__WHAT YOU SHOULD DO__
Keep the text of the data exactly as it is and omit each picture from the copy.

__INFORMATION PROVIDED__
-=-=-

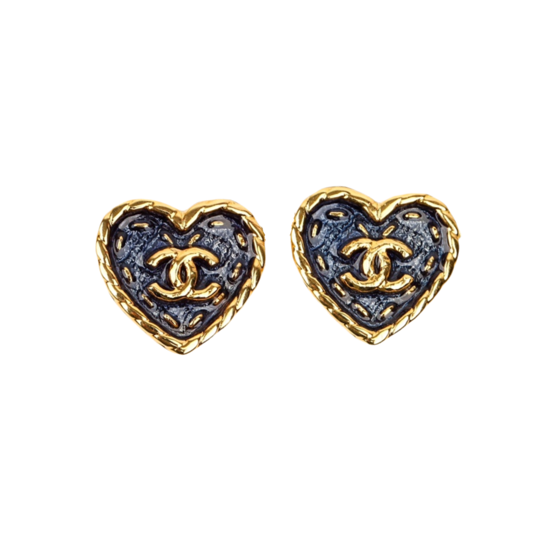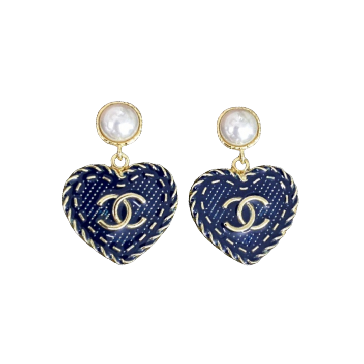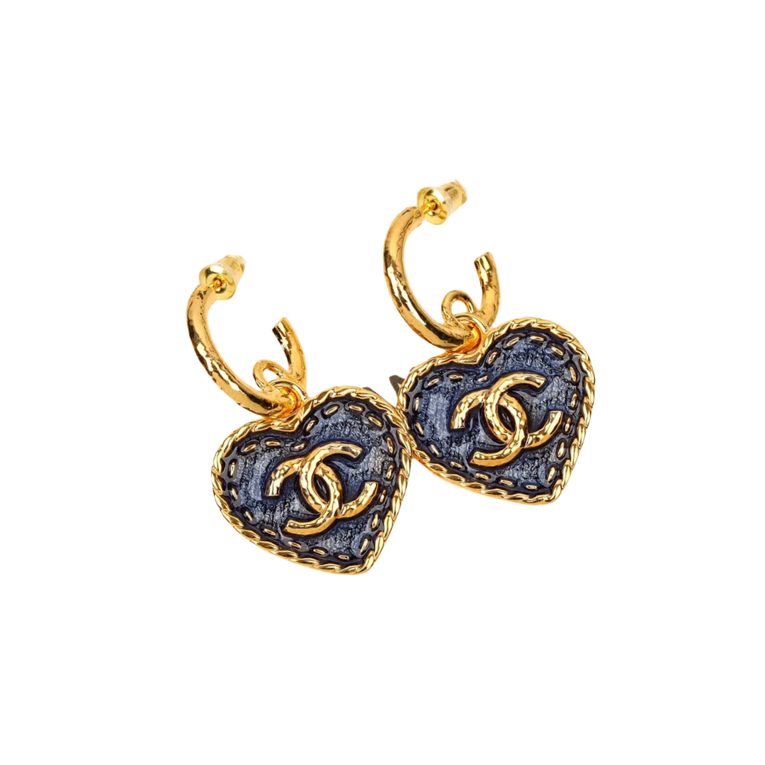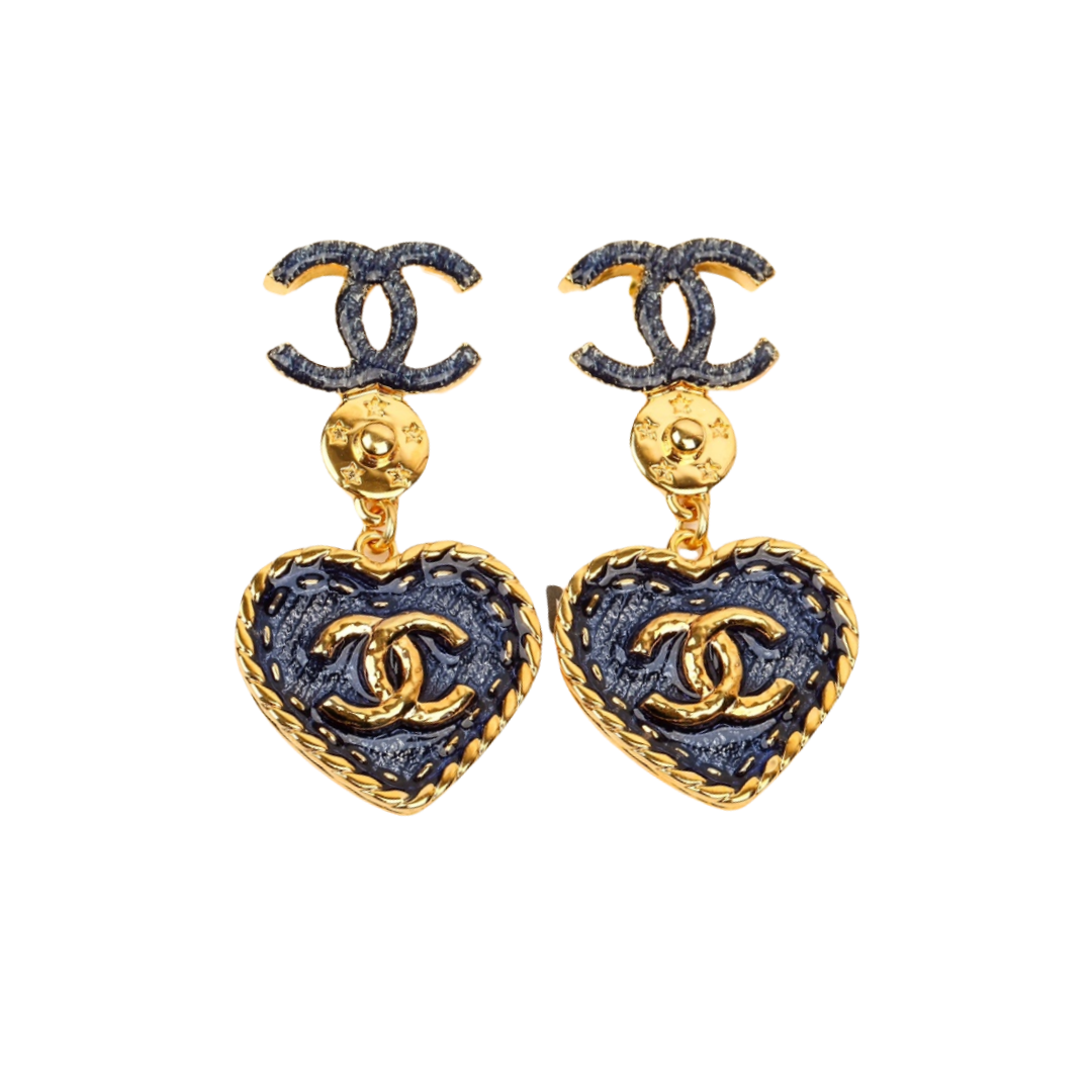 CCE585 Denim Blue Color 24P Heart shaped with CC logo earrings
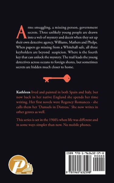 Arms smuggling, a missing person, government secrets. Three unlikely young people are drawn into a web of mystery and deceit when they set up their own detective agency, Williams, Mathers and Phelps. When papers go missing from a Whitehall safe, all three keyholders are beyond suspicion. Where is the fourth key that can unlock the mystery. The trail leads the young detectives across oceans to foreign shores, but sometimes secrets are hidden much closer to home.
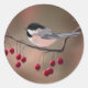 Sticker Rond CHICKADEE & BERRIES ROUGES par SHARON SHARPE

-=-=-

__EXERCISE RESPONSE__
 CCE585 Denim Blue Color 24P Heart shaped with CC logo earrings
 Arms smuggling, a missing person, government secrets. Three unlikely young people are drawn into a web of mystery and deceit when they set up their own detective agency, Williams, Mathers and Phelps. When papers go missing from a Whitehall safe, all three keyholders are beyond suspicion. Where is the fourth key that can unlock the mystery. The trail leads the young detectives across oceans to foreign shores, but sometimes secrets are hidden much closer to home.
 Sticker Rond CHICKADEE & BERRIES ROUGES par SHARON SHARPE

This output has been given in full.